1. Field of the Invention
The field of the invention is that of solid-state laser gyros used as inertial control unit. This type of equipment is used especially for aeronautical applications.
The laser gyro, developed some thirty years ago, is widely used on a commercial scale at the present time. Its principle of operation is based on the Sagnac effect, which induces a frequency difference Δν between the two optical transmission modes that propagate in opposite directions, called counterpropagating modes, of a bidirectional laser ring cavity undergoing a rotational motion. Conventionally, the frequency difference Δν is equal to:Δν=4AΩ/λLwhere: L and A are the length and the area of the cavity, respectively; λ is the laser emission wavelength excluding the Sagnac effect; and Ω is the rotation speed of the assembly. The value of Δν measured by spectral analysis of the beat of the two emitted beams is used to determine the value of Ω very accurately.
2. Description of the Prior Art
It may also be demonstrated that the laser gyro operates correctly only above a certain rotation speed needed to reduce the influence of intermodal coupling. The rotation speed range lying below this limit is conventionally called the blind zone.
The condition for observing the beat, and therefore for the operation of the laser gyro, is the stability of the intensities emitted in the two directions. This is not a priori an easy thing to achieve because of the intermodal competition phenomenon, which means that one of the two counterpropagating modes may have a tendency to monopolize the available gain, to the detriment of the other mode.
This problem is solved in standard laser gyros by the use of a gaseous amplifying medium, generally a helium/neon mixture operating at room temperature. The gain curve of the gas mixture exhibits Doppler broadening due to the thermal agitation of the atoms. The only atoms capable of delivering gain to a given frequency mode are thus those whose velocity induces a Doppler shift in the apparent frequency, which brings the atom to resonance with the mode in question. Forcing the laser emission to take place other than at the center of the gain curve by piezoelectric adjustment of the optical path length ensures that the atoms at resonance with the cavity have a non-zero velocity. Thus, the atoms that can contribute to the gain in one of the two directions have velocities opposite those of the atoms that can contribute to the gain in the opposite direction. The system therefore behaves just as if there were two independent amplifying media, one for each direction. Since intermodal competition has thus disappeared, stable and balanced bidirectional emission occurs. In practice, to alleviate other problems, a mixture consisting of two different neon isotopes is used.
However, the gaseous nature of the amplifying medium is a source of technical complications when producing the laser gyro especially because of the high gas purity required and of premature wear during its use, which wear is in particular due to gas leakage and to deterioration of the electrodes by the high voltages used to establish the population inversion.

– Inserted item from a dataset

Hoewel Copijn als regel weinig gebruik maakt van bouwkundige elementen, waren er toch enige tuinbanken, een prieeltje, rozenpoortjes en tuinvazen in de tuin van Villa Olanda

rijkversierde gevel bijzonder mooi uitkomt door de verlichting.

At the present time, it is possible to produce a solid-state laser gyro operating in the visible or the near infrared using, for example, an amplifying medium based on neodymium-doped YAG (yttrium aluminum garnet) crystals instead of the helium/neon gas mixture, the optical pumping then being provided by diode lasers operating in the near infrared. It is also possible to use, as amplifying medium, a semiconductor material, a crystalline matrix or a glass doped with ions belonging to the class of rare earths (erbium, ytterbium, etc.). Thus, all the problems inherent with the gaseous state of the amplifying medium are de facto eliminated. However, such a construction is made very difficult to achieve due to the homogeneous character of the broadening of the gain curve of the solid-state media, which induces very strong intermodal competition and because of the existence of a large number of different operating regimes, among which the non-frequency-locked intensity-balanced bidirectional regime, called the “beat regime” is one very unstable particular case (N. Kravtsov and E. Lariotsev, Self-modulation oscillations and relaxations processes in solid-state ring lasers, Quantum Electronics 24 (10), 841-856 (1994)). This major physical obstacle has greatly limited hitherto the development of solid-state laser gyros.
To alleviate this drawback, one technical solution consists in attenuating the effects of the competition between counterpropagating modes in a solid-state ring laser by introducing optical losses into the cavity that depend on the direction of propagation of the optical mode and on its intensity. The principle is to modulate these losses by a feedback device according to the difference in intensity between the two transmitted modes in order to favor the weaker mode to the detriment of the other, so as constantly to slave the intensity of the two counterpropagating modes either to a common value or to a constant difference. Technically, the production of the feedback device may be based on the combination of three optical devices that act on the polarization state of the optical modes. These three devices are a linear polarizer, a reciprocal rotator or a waveplate, and a nonreciprocal rotator (French patent application 03/03645).